I.Pendahuluan
Bangkitan adalah suatu tanda dan gejala dari epilepsi, tetapi tidak semua
bangkitan merupakan suatu tanda adanya kelainan neurologik. Bangkitan dapat
juga dihasilkan dari kadar gula darah yang rendah, infeksi, demam, cedera kepala
berat, kekurangan oksigen, dan kesemuanya tersebut bukan merupakan epilepsi.
Bangkitan dapat juga merupakan gangguan mental maupun fisik. Bangkitan
tersebut dapat juga disebabkan karena gangguan motorik yang disebut konvulsi
(Davis,2004).
Istilah kejang non epilepsi (non epileptic seizure) digunakan untuk menjelaskan
suatu bangkitan yang menyerupai epilepsi tetapi mempunyai penyebab yang
berbeda.

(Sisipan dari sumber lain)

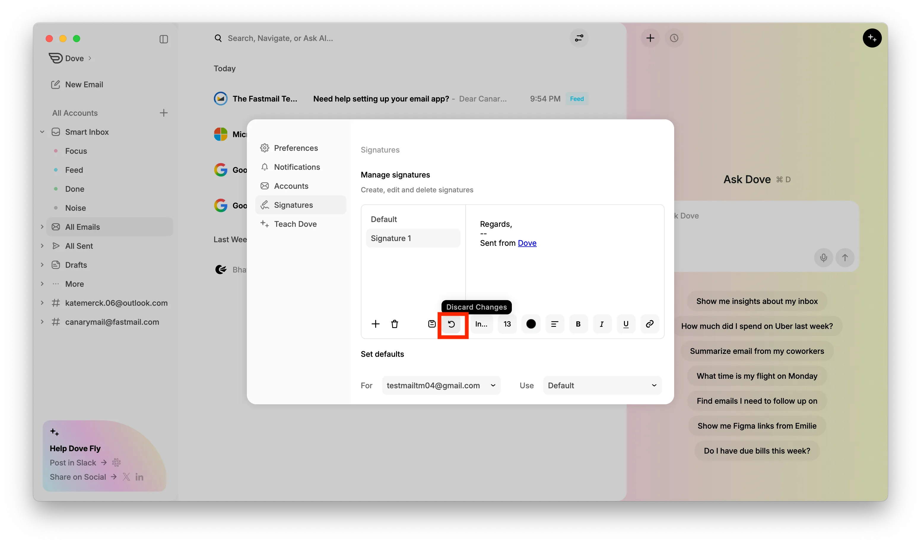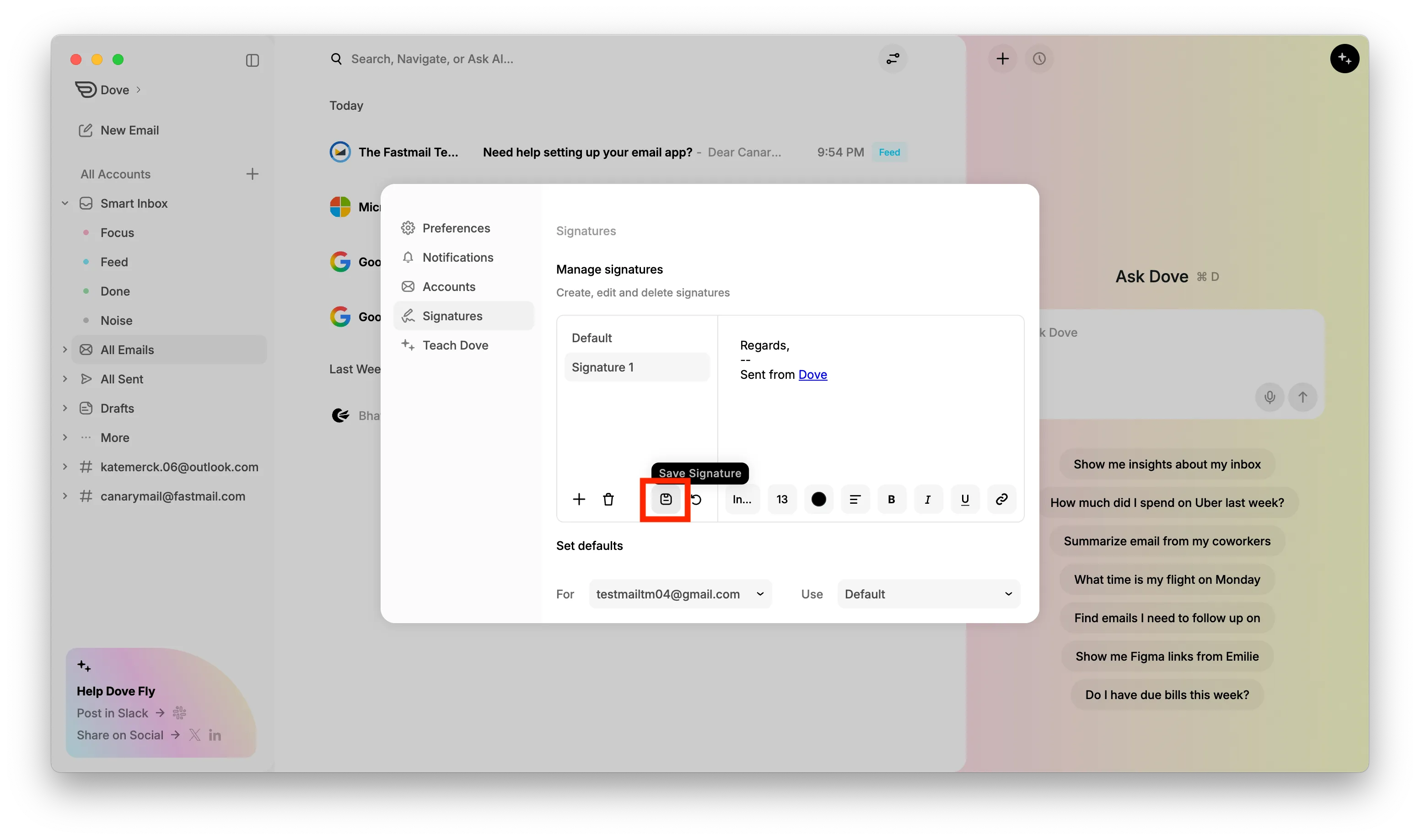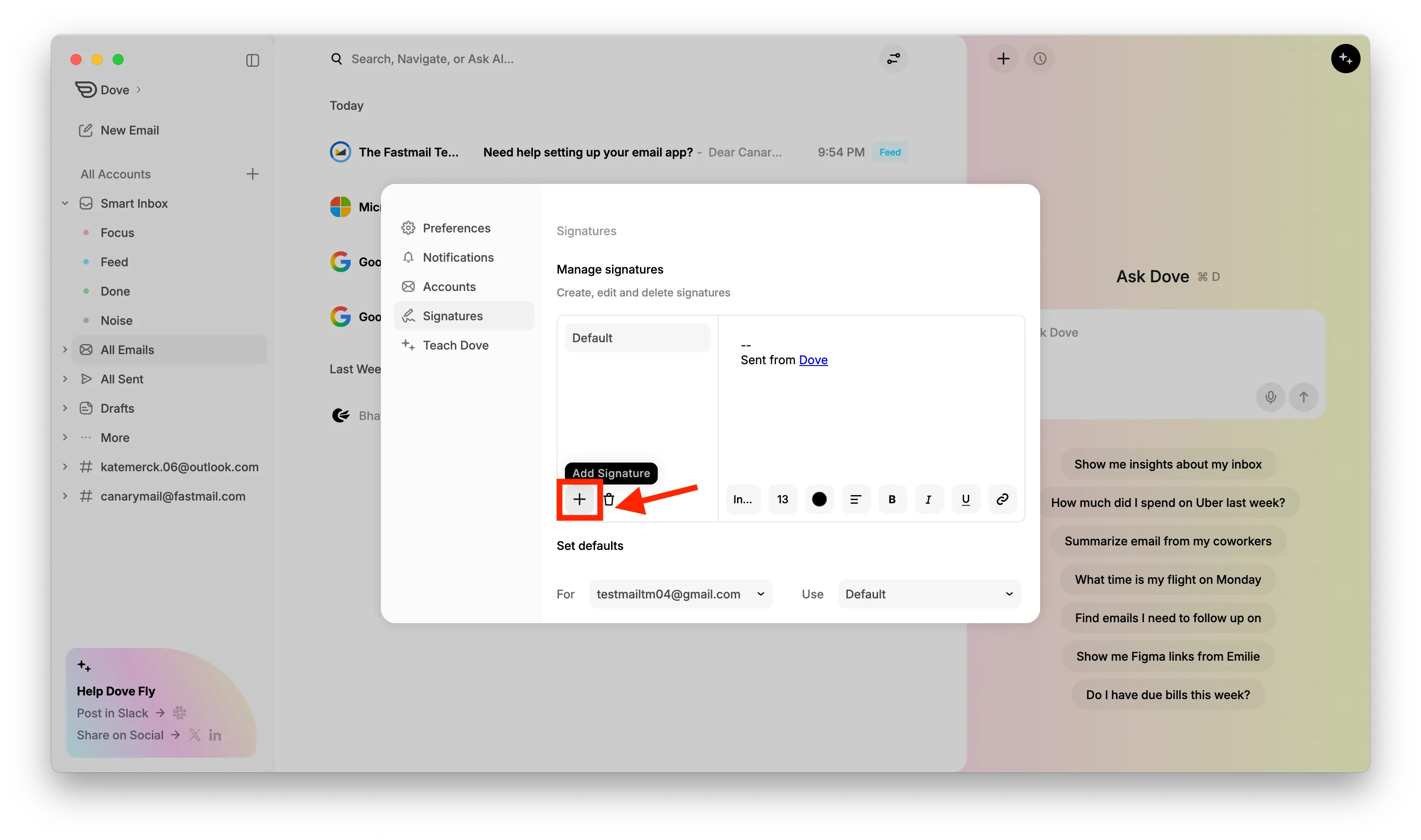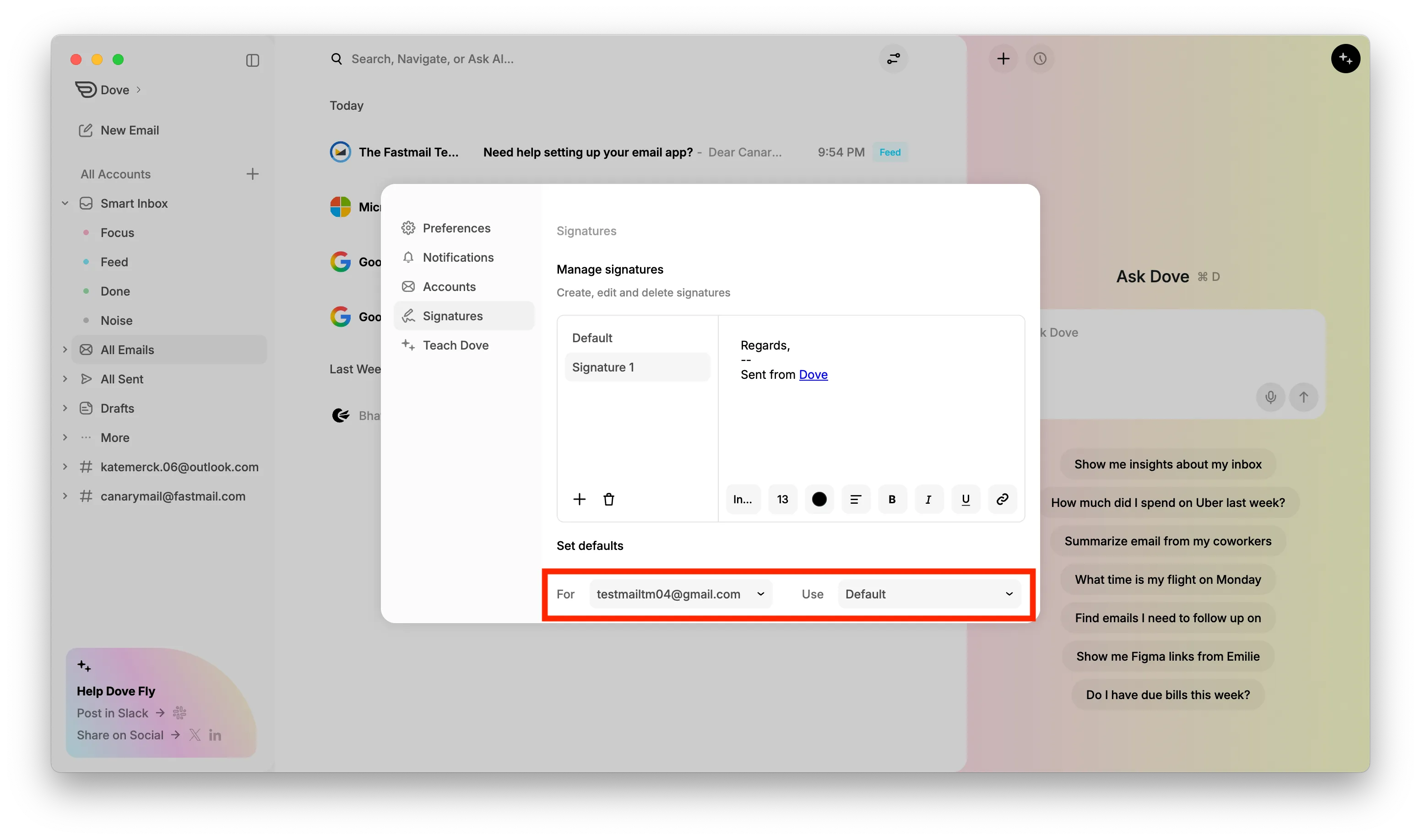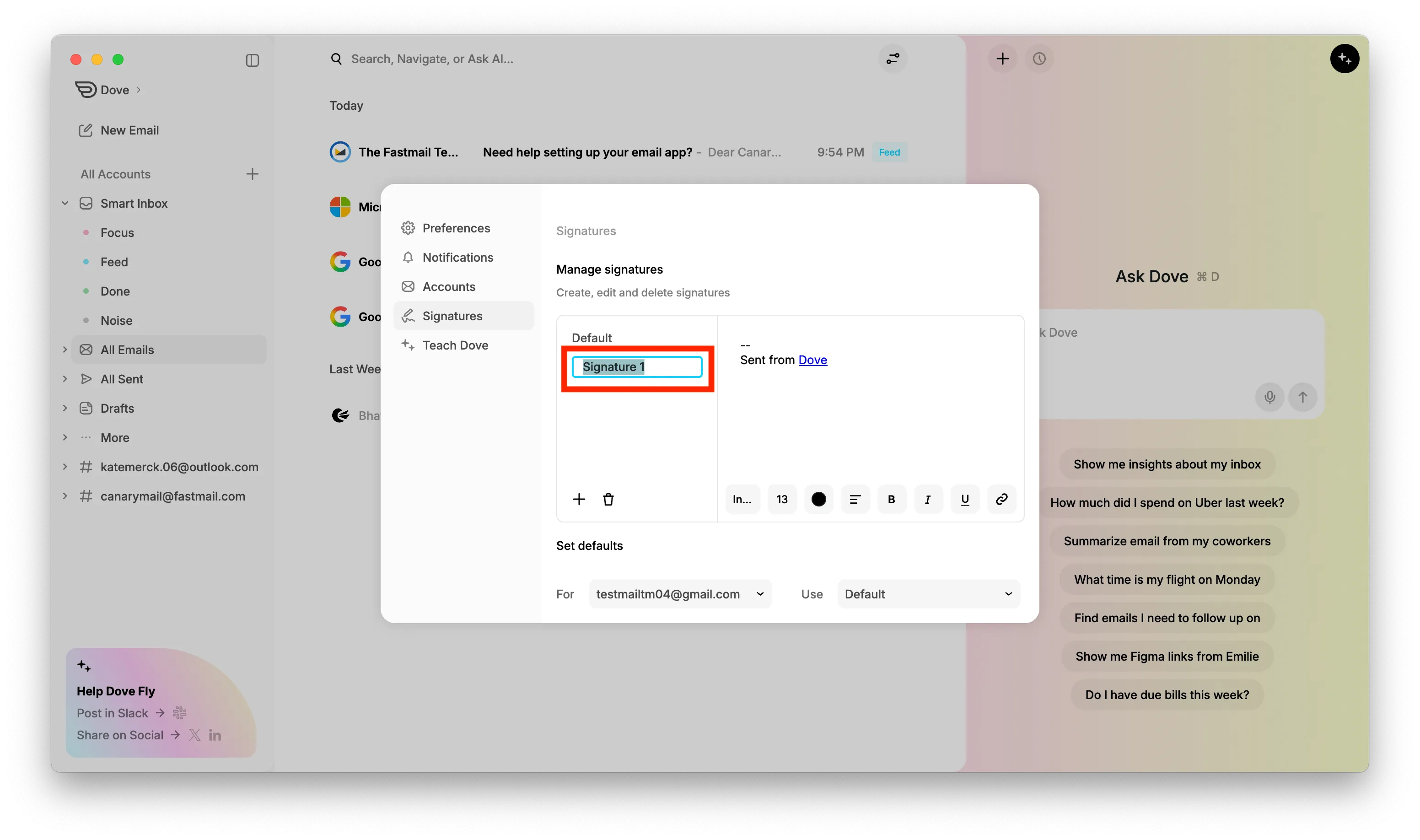 Add a personal sign-off to every outgoing message. Dove lets you configure a signature per account so your emails always end the way you want.

Berbeda dengan bangkitan epilepsi, kejang non epilepsi tidak disebabkan
oleh adanya perubahan pada aktivitas otak (Selkirk et al., 2008.).
Bangkitan fisiologik
o Bangkitan fisiologik dapat disebabkan oleh berbagai kondisi,
misalnya terjadinya perubahan secara mendadak suplai aliran
darah, glukosa maupun oksigen ke otak. Termasuk juga bangkitan
fisiologik adalah adanya perubahan irama jantung, mendadak
terjadi penurunan tekanan darah atau terjadinya hipoglikemia.
Bangkitan psikogenik
o Bangkitan psikogenik dapat disebabkan oleh karena adanya
tekanan psikologis yang berat pada seseorang, misalnya trauma
emosional oleh karena siksaan seksual maupun fisik, perceraian
atau kematian orang yang dicintai.
Jika kejadian kejang non epilepsi penyebabnya adalah fisik maka akan lebih
mudah untuk menegakkan diagnosisnya berdasarkan penyakit yang mendasarinya.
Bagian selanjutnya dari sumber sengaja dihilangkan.